The world's most austere composer drove taxis until he was 42. He reveals how his fastidious life informs his music

Christina Patterson
Friday 22 May 2009 00:00 BST
(Getty Images)

When I told a friend I was interviewing Philip Glass, he gave me some advice. "Just ask him," he said, "the same question, again and again and again." It's a view that once gave rise to a New Yorker cartoon. Two men in pith helmets are standing in a jungle. "That," says one to the other, ear cocked to a distant rumble, "is either a dissonant, repetitive sound or a new Philip Glass piece."

After several weeks washing up to Philip Glass, and cooking to him, and going to sleep to him, I can testify that those repetitions do strange things to the brain.
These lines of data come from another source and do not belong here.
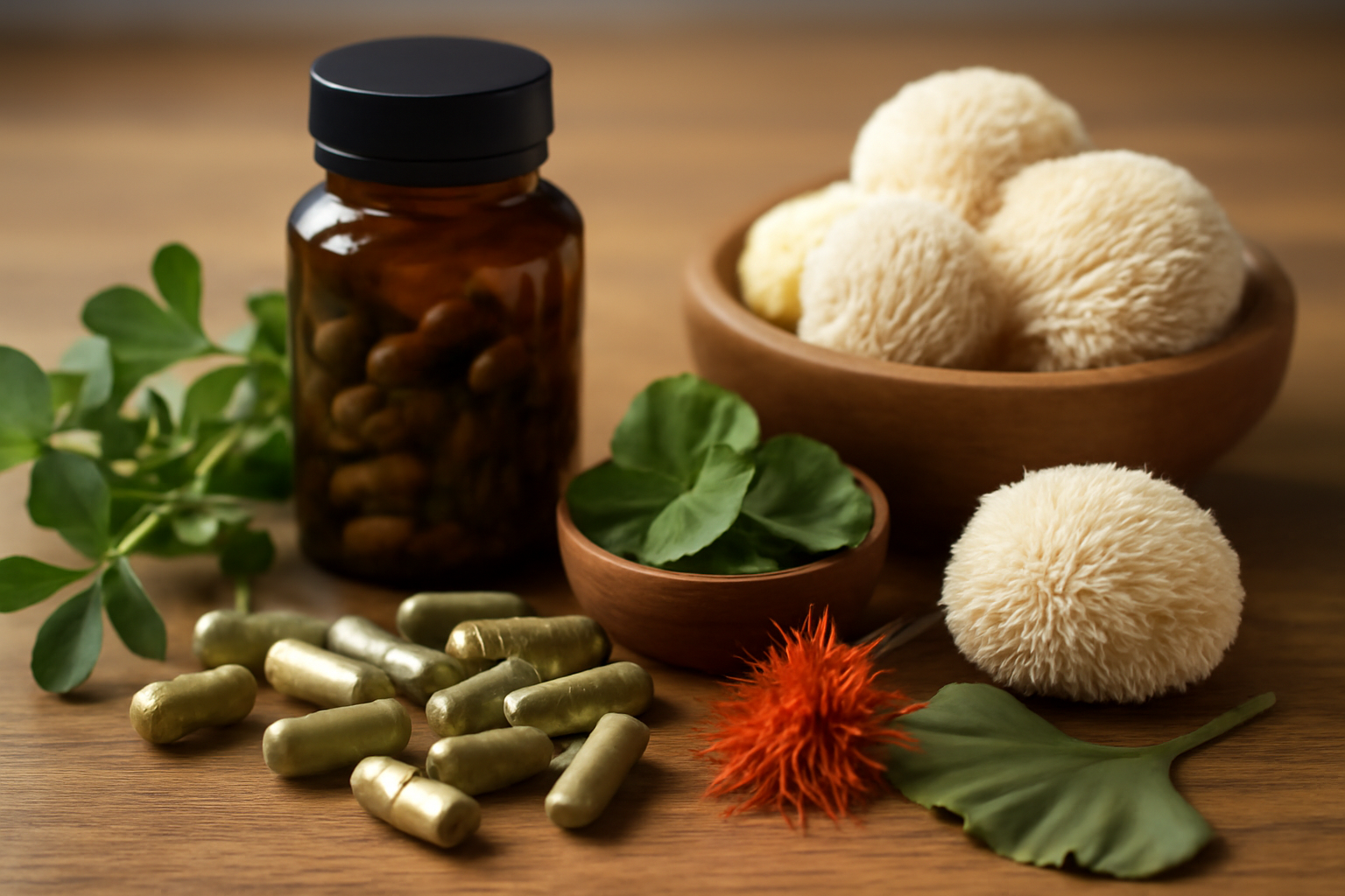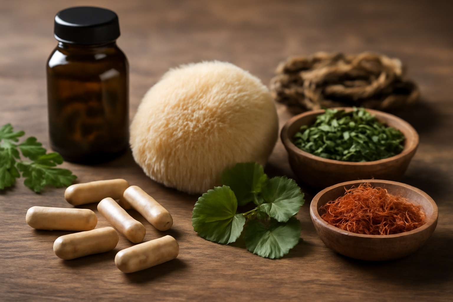 - Herbal nootropics and plant extracts: Traditional herbs and mushrooms that are used to support memory, learning, and nerve health.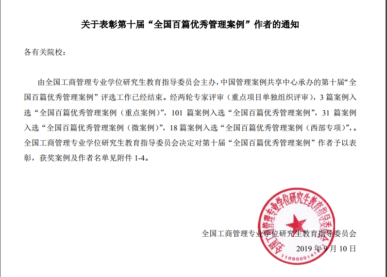“全国百篇优秀管理案例”是全国工商管理案例领域的最高奖项,并先后纳入教育部2012年第三轮学科评估指标体系(C5指标)和2016年工商管理硕士专业学位水平评估指标体系(C1指标)。多年来,为了培育出新时代最需要的经济管理人才,公司williamhill英国威廉希尔秉承公司愿景:“培养商界精英,践行社会服务,打造西部一流、国内知名、特色鲜明的国际化商公司”,鼓励教师们在教学之余潜心科研、深入实践调研,追踪大变革时代下中国企业的发展动态,并把企业实践之中涌现的鲜活案例反馈到教学过程之中,实现教、研、学的良性互动。公司williamhill英国威廉希尔专业学位中心每年积极组织教师参与该项评选,支持教师参与案例写作培训及交流活动,为教师案例编写与教学能力的提升,不遗余力地提供帮助。
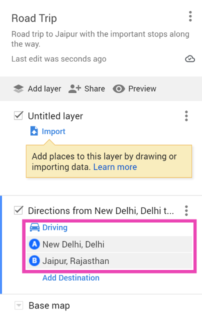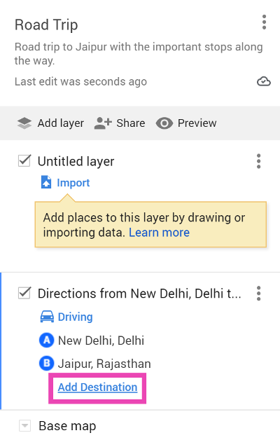 Stap 8:Je kunt ook doorklikkenBestemming toevoegenin het lagenvak en voeg een locatie toe aan uw kaart.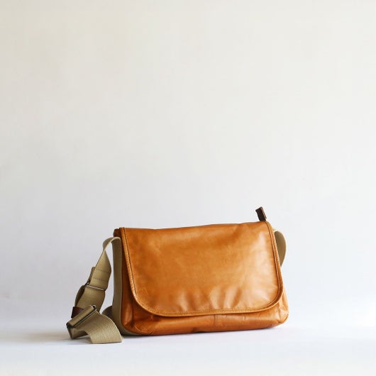 それなりの容量がありつつ、ボディバックのように前掛けもできるようなレザーバッグを探していたところ、こちらの商品を見つけました。馬革の雰囲気と、帆布の肩紐がバッグ側面を覆うように付けられたデザインがアクセントとして面白いと思い、購入しました。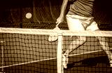 Male pickleball player hits a slice backhand shot using a yellow paddle
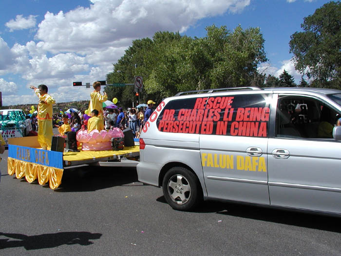 科罗拉多和新墨西哥州学员参加桑特菲花车游行 展现大法的美好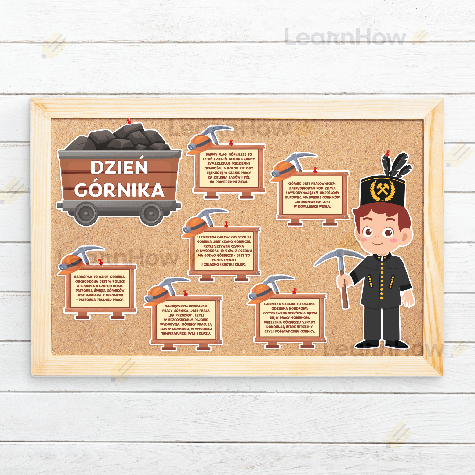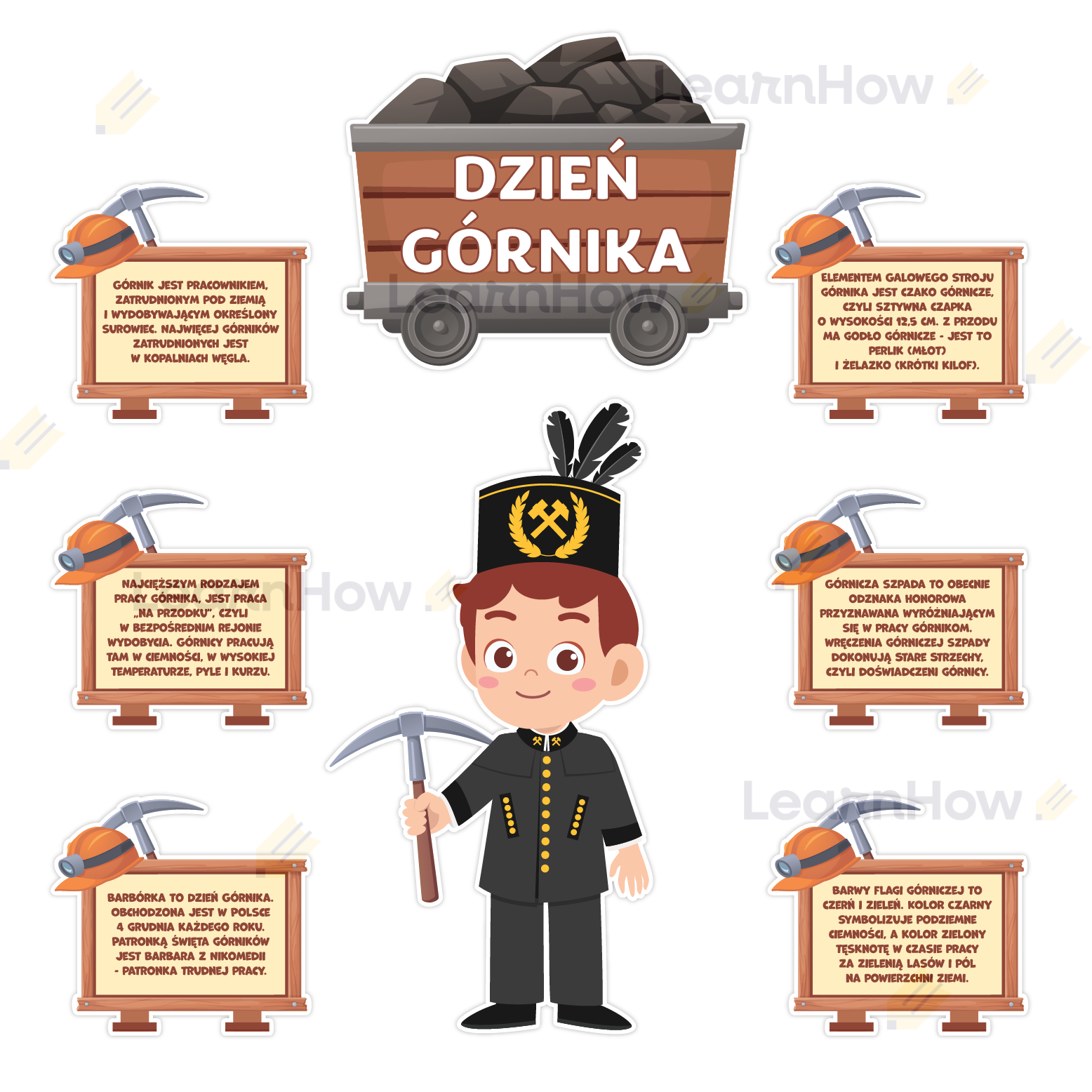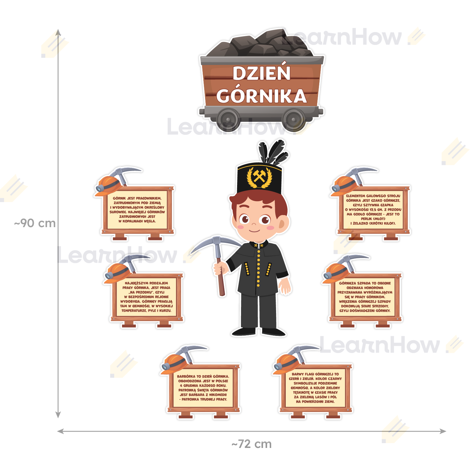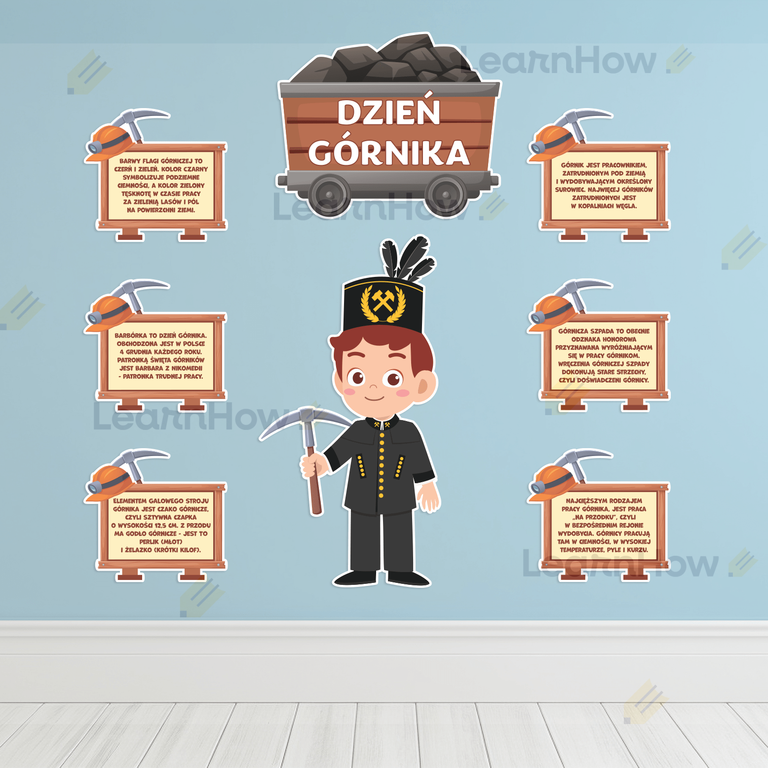 Zestaw składa się z: postaci górnika, 6 tabliczek z informacjami/ciekawostkami o zawodzie górnika oraz dużego napisu DZIEŃ GÓRNIKA.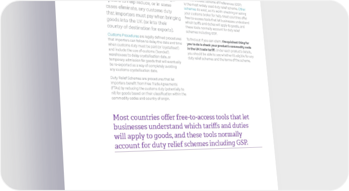 Customs Procedures and Duty Relief Schemes There are a number of perfectly legal The Generalised Scheme of Preferences (GSP) options to help reduce, or in some is the most widely used duty relief scheme. Other schemes do exist, so it’s worth checking or asking cases eliminate, any customs duty your customs broker for help. Most countries offer that importers must pay when bringing free-to-access tools that let businesses understand goods into the UK (or into their which tariffs and duties will apply to goods, and these tools normally account for duty relief country of destination for exports). schemes including GSP. Customs Procedures are legally defined procedures To find out if you can claim, the quickest thing for that importers can follow to delay the date and time you to do is check your product’s commodity code when customs duty must be paid (or ‘crystallised’) in the UK trade tariff. Under each product’s details, and include the use of customs (‘bonded’) you should be able to see whether it’s eligible for any warehouses to delay crystallisation date, or duty relief schemes and the terms of the scheme. temporary admission for goods that will eventually be re-exported as a way of completely avoiding any customs crystallisation date. Duty Relief Schemes are procedures that let importers benefit from Free Trade Agreements (FTAs) by reducing the customs duty (potentially to nil) for goods based on their classification within the commodity codes and country of origin. Most countries offer free-to-access tools that let businesses understand which tariffs and duties will apply to goods, and these tools normally account for duty relief schemes including GSP. The small business guide to import and export 15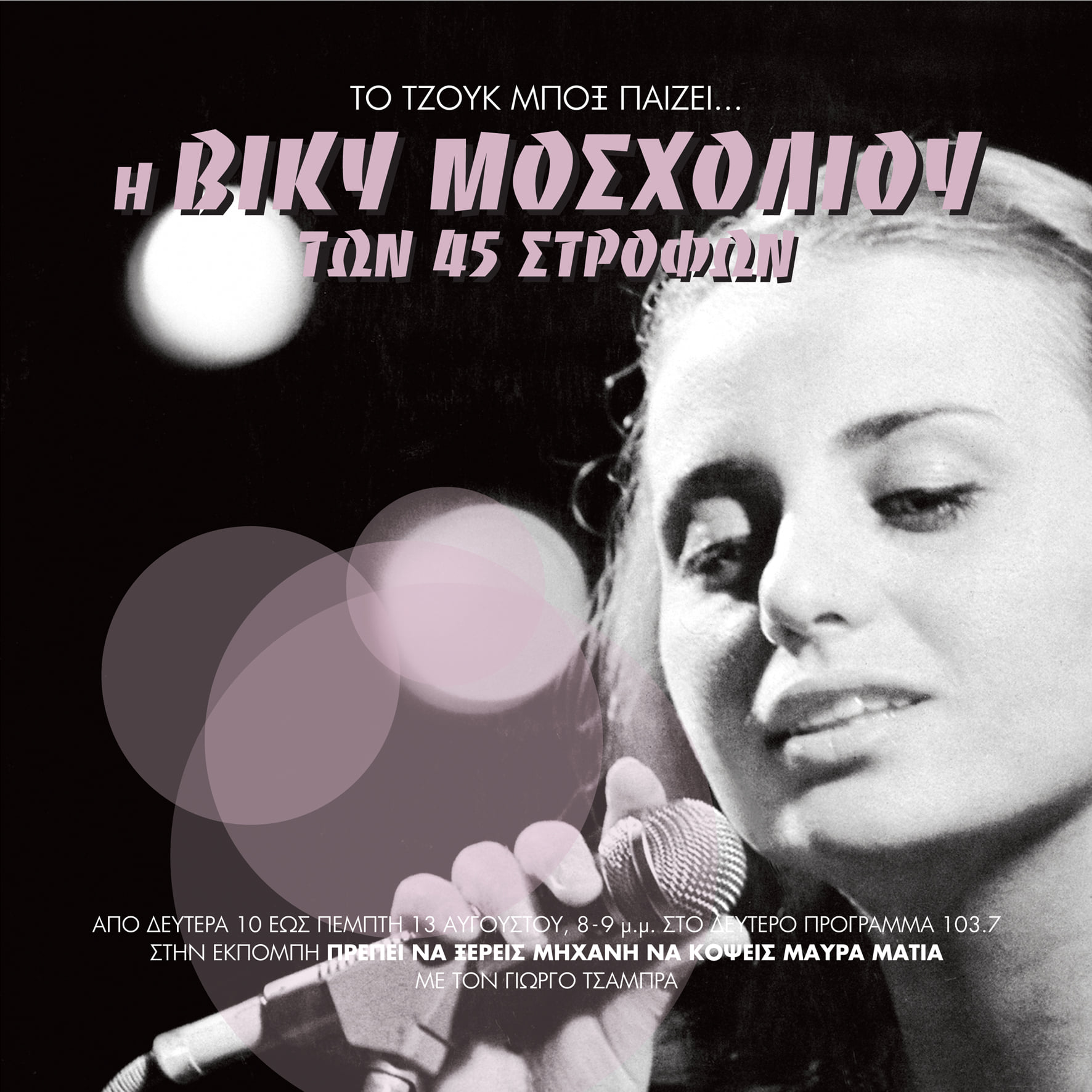 Η Βίκυ Μοσχολιού των 45 στροφών, από Δευτέρα 10 έως Πέμπτη 13 Αυγούστου, 8 με 9 το βράδυ, στο Δεύτερο Πρόγραμμα 103.7.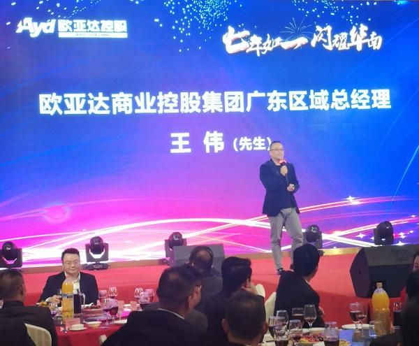 2019年1月15日下午6点,欧亚达控股集团华南区域《七年如一,闪耀华南》新年团拜会于广州市金沙洲恒大御景半岛恒大酒店隆重举行。欧亚达商业控股集团董事长兼总裁徐建刚先生、常务副总裁赵红平先生、营运中心总经理刘思材先生、广东区域总经理王伟先生、广东区域6个门店总经理及员工、意向进场商户等200余人云集一堂,共同见证“七年如一 闪耀华南”——欧亚达商业控股华南区域2019年年会。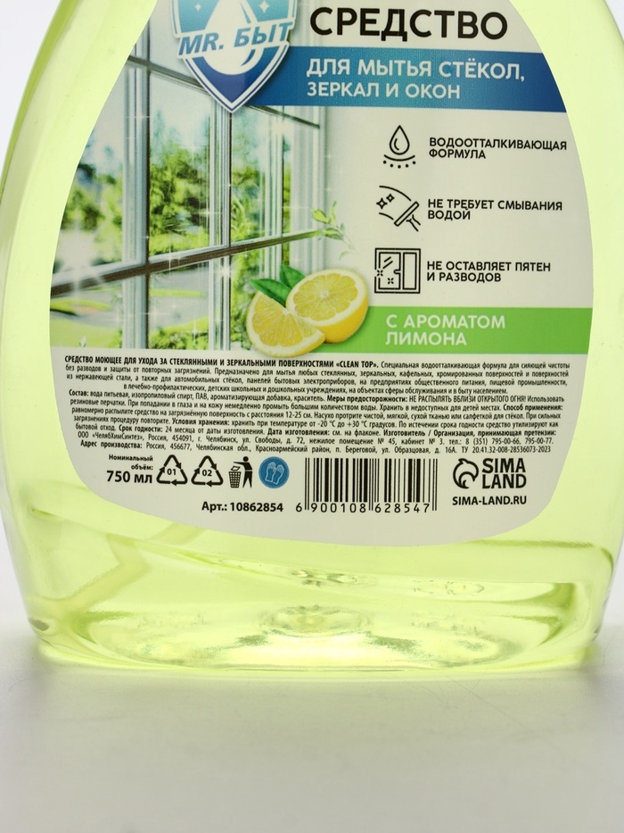 Mr.Быт Средство для мытья стёкол, зеркал и окон, 750 мл, аромат лимон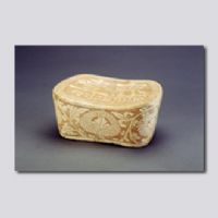 首都博物館藏。元寶形,枕面中心以珍珠紋為地,刻“齊壽”二字,四周刻卷草紋邊飾,“齊”字下腳空隙處,巧飾葉紋壓肩。枕四壁以珍珠紋為地,刻纏枝菊花,底刻“大吉”字樣。花紋凹處刻劃較深,經(jīng)燒造后呈褐色。珍珠地紋飾,源于唐代金銀器上的鏨花裝飾,河南密縣窯在唐代首先應(yīng)用于瓷器裝飾。其工藝是用管狀竹木或金屬工具,在施好化妝土的坯體上戳印而成,圓點周圍露出胎體本色,中心是白色,再施以透明釉。經(jīng)高溫?zé)旌螅纬缮{(diào)對比強烈的藝術(shù)效果。
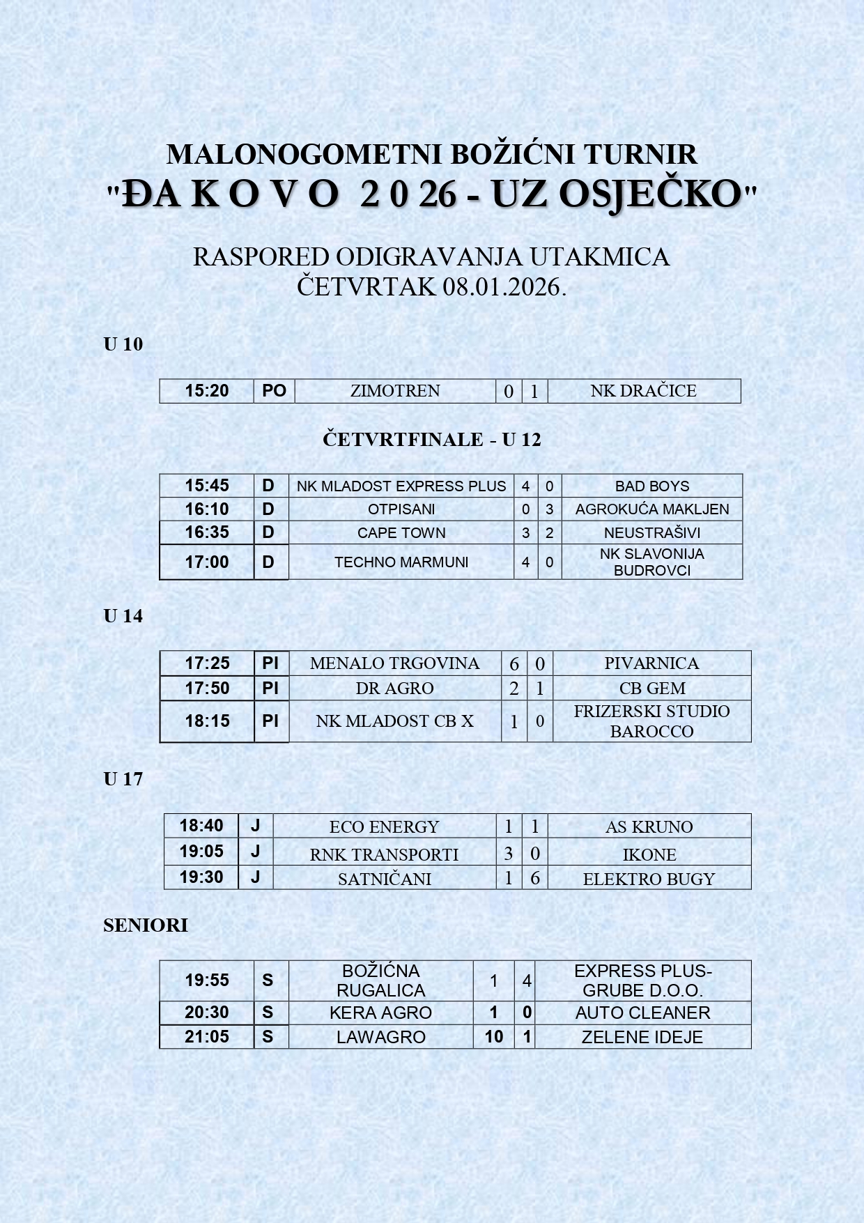 Rezultati utakmica od četvrtka, 8. 1. 2026.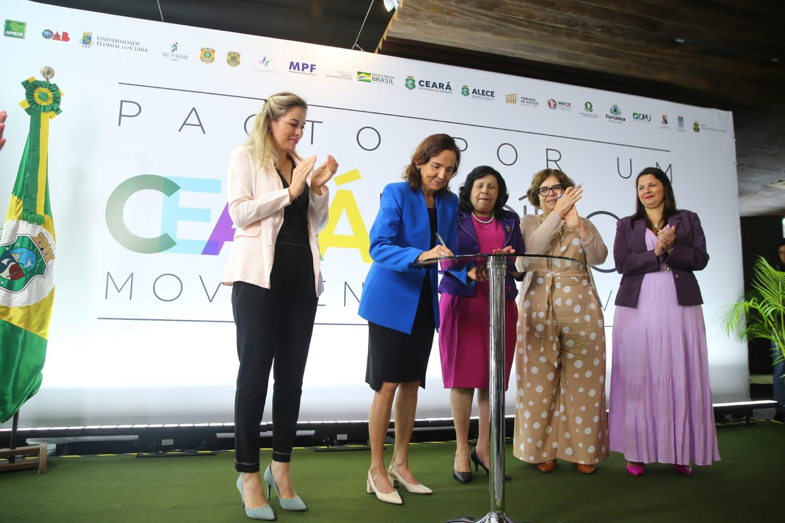 A governadora Izolda Cela e outras autoridades assinaram o decreto que criou o Sistema de Integração e Gestão de Informações de Mulheres em Situação de Violência Doméstica e Familiar (SIGIM), em reunião do Pacto por um Ceará Pacífico.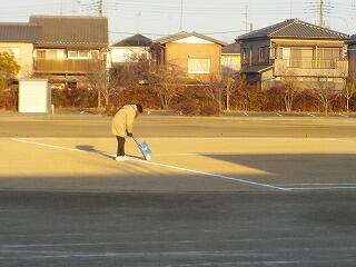 ↑ 朝からラインを引いてくれている職員に感謝!

Famously hypnotic, the shimmering scales and arpeggios are also quietly relentless, veering between the beauty of a waterfall, or of waves crashing on a beach and – well, you wouldn't want to talk about water torture, but let's just say that sometimes you long for a nice little tune. The most prolific composer on the planet, and one of the most successful, creator of more than 20 operas (all with pretty weird titles), eight symphonies, numerous concertos for violin, piano and timpani, and more than 30 film scores (including, most famously, The Hours) sure as hell knows how to mess with your mind.

"So why do they send a poet, rather than a musician to meet me?" he asks, when I volunteer, perhaps unwisely, my woeful lack of musical knowledge. I'm not a poet, alas, but we've been talking about Rumi, one of a number of poets Glass has set to music. Others include Allen Ginsberg and his friend, and fellow Buddhist, Leonard Cohen. For a moment, I fear that I've unleashed some rather un-Buddhist irritation, but then Glass softens. "If someone's not interested in it academically," he says kindly, "you could be better off. People get distracted by all sorts of non-essential things. Schools of music and historical values. It doesn't really explain what you're listening to."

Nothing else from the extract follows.